Шрифт:
Интервал:
Закладка:
Через три года, когда Джеку исполнилось двенадцать, сбежал Майк – он отправился в нью-хемпширский университет и получил немалую стипендию Мерита. Годом позже отец умер от внезапного обширного удара, настигшего его, когда он готовил пациента к операции. Он рухнул на пол в развевающемся, незастегнутом белом халате и умер, наверное, еще до того, как ударился о черно-красный казенный больничный кафель. Через три дня человек, властвовавший над жизнью Джекки, необъяснимый белый Бог-Призрак, оказался под землей.
К надписи на плите, «Марк Энтони Торранс, любящий отец» Джек добавил бы еще одну строчку: «Он знал, как играть в „лифт“.»
Они получили очень большую страховку. Есть люди, собирающие страховые полисы не менее увлеченно, чем прочие – монеты или марки; к ним-то и относился Марк Торранс. Деньги за страховку пришли как раз тогда, когда закончились ежемесячные полицейские штрафы и счета на спиртное. Пять лет они были богаты. Почти богаты…

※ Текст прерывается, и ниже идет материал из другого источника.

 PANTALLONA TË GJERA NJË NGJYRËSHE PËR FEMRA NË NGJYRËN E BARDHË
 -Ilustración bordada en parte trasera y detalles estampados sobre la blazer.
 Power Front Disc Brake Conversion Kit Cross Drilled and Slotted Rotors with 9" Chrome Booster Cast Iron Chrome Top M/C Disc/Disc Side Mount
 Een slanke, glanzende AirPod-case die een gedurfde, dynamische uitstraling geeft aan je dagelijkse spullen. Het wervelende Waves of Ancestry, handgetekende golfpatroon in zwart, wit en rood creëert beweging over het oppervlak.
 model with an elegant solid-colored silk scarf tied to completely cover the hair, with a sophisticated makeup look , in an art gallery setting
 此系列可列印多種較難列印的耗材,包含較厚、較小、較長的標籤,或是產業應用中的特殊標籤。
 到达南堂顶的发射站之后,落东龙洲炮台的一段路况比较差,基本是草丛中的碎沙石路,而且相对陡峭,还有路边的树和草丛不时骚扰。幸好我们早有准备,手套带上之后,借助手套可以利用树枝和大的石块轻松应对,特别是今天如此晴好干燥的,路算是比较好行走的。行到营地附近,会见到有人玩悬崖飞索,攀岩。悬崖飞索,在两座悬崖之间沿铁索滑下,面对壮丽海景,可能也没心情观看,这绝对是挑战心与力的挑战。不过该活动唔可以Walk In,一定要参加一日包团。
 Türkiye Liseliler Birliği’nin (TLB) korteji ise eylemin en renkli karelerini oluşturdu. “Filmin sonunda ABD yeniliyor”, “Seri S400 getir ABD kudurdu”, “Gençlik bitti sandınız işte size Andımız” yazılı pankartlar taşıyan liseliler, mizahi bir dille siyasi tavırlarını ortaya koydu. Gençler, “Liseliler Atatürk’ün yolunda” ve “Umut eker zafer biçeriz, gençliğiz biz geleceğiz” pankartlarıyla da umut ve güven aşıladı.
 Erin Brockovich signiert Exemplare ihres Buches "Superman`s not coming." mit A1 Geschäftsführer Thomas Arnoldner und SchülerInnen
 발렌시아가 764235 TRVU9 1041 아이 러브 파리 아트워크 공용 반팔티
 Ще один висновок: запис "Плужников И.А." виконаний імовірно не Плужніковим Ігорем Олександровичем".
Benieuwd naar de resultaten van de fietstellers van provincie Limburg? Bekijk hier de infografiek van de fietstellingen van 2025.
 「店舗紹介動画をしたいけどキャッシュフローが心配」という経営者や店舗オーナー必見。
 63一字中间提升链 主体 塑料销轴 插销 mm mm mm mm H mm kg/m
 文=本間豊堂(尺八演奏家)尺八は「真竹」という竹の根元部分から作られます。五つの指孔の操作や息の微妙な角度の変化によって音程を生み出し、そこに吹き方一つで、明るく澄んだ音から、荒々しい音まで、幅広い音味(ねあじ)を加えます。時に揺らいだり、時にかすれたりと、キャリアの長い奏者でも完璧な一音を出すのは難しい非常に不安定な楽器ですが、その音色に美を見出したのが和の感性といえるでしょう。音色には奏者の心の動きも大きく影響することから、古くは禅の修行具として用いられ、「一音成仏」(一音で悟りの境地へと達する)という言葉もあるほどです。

В неглубоком, беспокойном сне перед Джеком, как в зеркале, возникло собственное лицо – свое и не свое: широко раскрытые глаза и невинно изогнутый рот мальчика, который сидит со своими машинками в холле и ждет папу, ждет белого призрачного бога, ждет, чтобы взлететь на лифте с головокружительной, веселящей скоростью в солоноватый, пахнущий опилками туман – дыхание бара, ждет, может статься, что лифт рухнет вниз и из ушей посыплются старые колесики и пружинки, а папа будет реветь от смеха, и это лицо (превратилось в лицо Дэнни, так похожее на его, прежнее, только у него были светло-голубые глаза, а у Дэнни они туманно-серые, но изгиб губ такой же и волосы светлые, Дэнни в его кабинете, на нем спортивные трусики, а бумаги все промокли, от них поднимается приятный слабый запах пива… поднимающееся на крыльях дрожжей возбуждение, страшное желание ударить, причинить боль… дыхание бара… треск кости… собственный голос, пьяно причитающий: «Дэнни, ты в порядке, док?.. Ах ты, Боже мой, бедная ручка…» и это лицо превратилось в) (мамино изумленное лицо, избитое, окровавленное, оно появилось из-под стола, мама говорила) («…от вашего отца. Повторяю, чрезвычайно важное сообщение от вашего отца. Пожалуйста, не меняйте настройку или немедленно настройтесь на частоту Счастливого Джека, повторяю, немедленно настройтесь на частоту Счастливого Часа. Повторяю…») Медленное растворение. Бестелесные голоса доносились к нему, как эхо, гуляющее по бесконечному туманному коридору.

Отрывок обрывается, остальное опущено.